I will just make one mutex lock now.

>
>> >> +     if (rpool->usage_sum == 0 &&
>> >> +         rpool->num_max_cnt == pool_info->table_len) {
>> >> +             /*
>> >> +              * No user of the rpool and all entries are set to max, so
>> >> +              * safe to delete this rpool.
>> >> +              */
>> >> +             list_del(&rpool->cg_list);
>> >> +             spin_unlock(&rpool_list_lock);
>> >> +
>> >> +             free_cg_rpool(rpool);
>> >
>> > Can't we just count the number of resources which either have !max
>> > setting or !0 usage?
>> >
>> What you have described here is done above.
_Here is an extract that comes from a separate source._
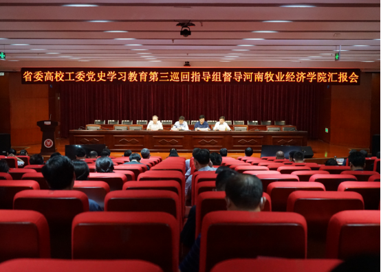 5月12日下午,省委高校工委党史学习教育第三巡回指导组组长、省教育厅二级巡视员董学胜,指导组副组长、河南教育学院原党委副书记田俊廷,指导组成员李志刚、孔平、张建明到校督导。汇报会在龙子湖校区图书馆一楼报告厅举行。全体校领导出席,全校中层正处级以上干部参加会议。校长罗士喜主持会议并致欢迎辞。

Instead of running loop to
>> find that out for every resource,
>
> You're summing up all usages instead of counting the number of !0
> usages.

I see now. Yeah, I will change that as well to make is consistent like
!max_entries.

>
>> as you suggested last time, keeping two counters for usage and max to
>> find out this condition.
>
> So, whether the counters are separate or not doesn't matter that much
> but it's awkward that it's counting the number of !max entries for
> limits while summing the actual usages (instead of counting the number
> of !0 usages) especially given that it gets summed into an int
> counter.  Wouldn't counting !max limit && !0 usage be more consistent?

>
>> >> +static u32 *get_cg_rpool_values(struct rdma_cgroup *cg,
>> >> +                             struct rdmacg_device *device,
>> >> +                             enum rdmacg_file_type sf_type,
>> >> +                             int count)
>> >> +{
>> >> +     struct rdmacg_resource_pool *rpool;
>> >> +     u32 *value_tbl;
>> >> +     int i, ret;
>> >> +
>> >> +     value_tbl = kcalloc(count, sizeof(u32), GFP_KERNEL);
>> >> +     if (!value_tbl) {
>> >> +             ret = -ENOMEM;
>> >> +             goto err;
>> >> +     }
>> >
>> > Do we need this type of interface?
>> Yes
>> > Why not let the caller look up the
>> > target pool and call this function with pool and resource index?
>>
>> I can move value_tbl allocation out of this function, but what is the
>> problem in current code?
>> I don't see any difference in moving loop count specific code outside
>> of get_cg_rpool_values() function other than doing rework. What gain
>> you are looking forward to by doing so?
>
> I meant you don't need the allocation at all.
>
>         lock;
>         for_each_dev() {
>                 pool = lookup_pool();
>                 for_each_field()
>                         seq_printf(sf, "%s ", name, pool_val(pool, index));
>         }
>         unlock;
>
> I don't know why you end up missing basic patterns so badly.  It's
> making the review and iteration process pretty painful.  Please don't
> be confrontational and try to read the review comments assuming good
> will.
>
My understanding of seq_printf() being blocking call and accessing
pool_info in spin lock context, made me allocate memory to get all
values upfront through allocation.
Now that the lock is going away, I can do what you have described above.


> Thanks.
>
> --
> tejun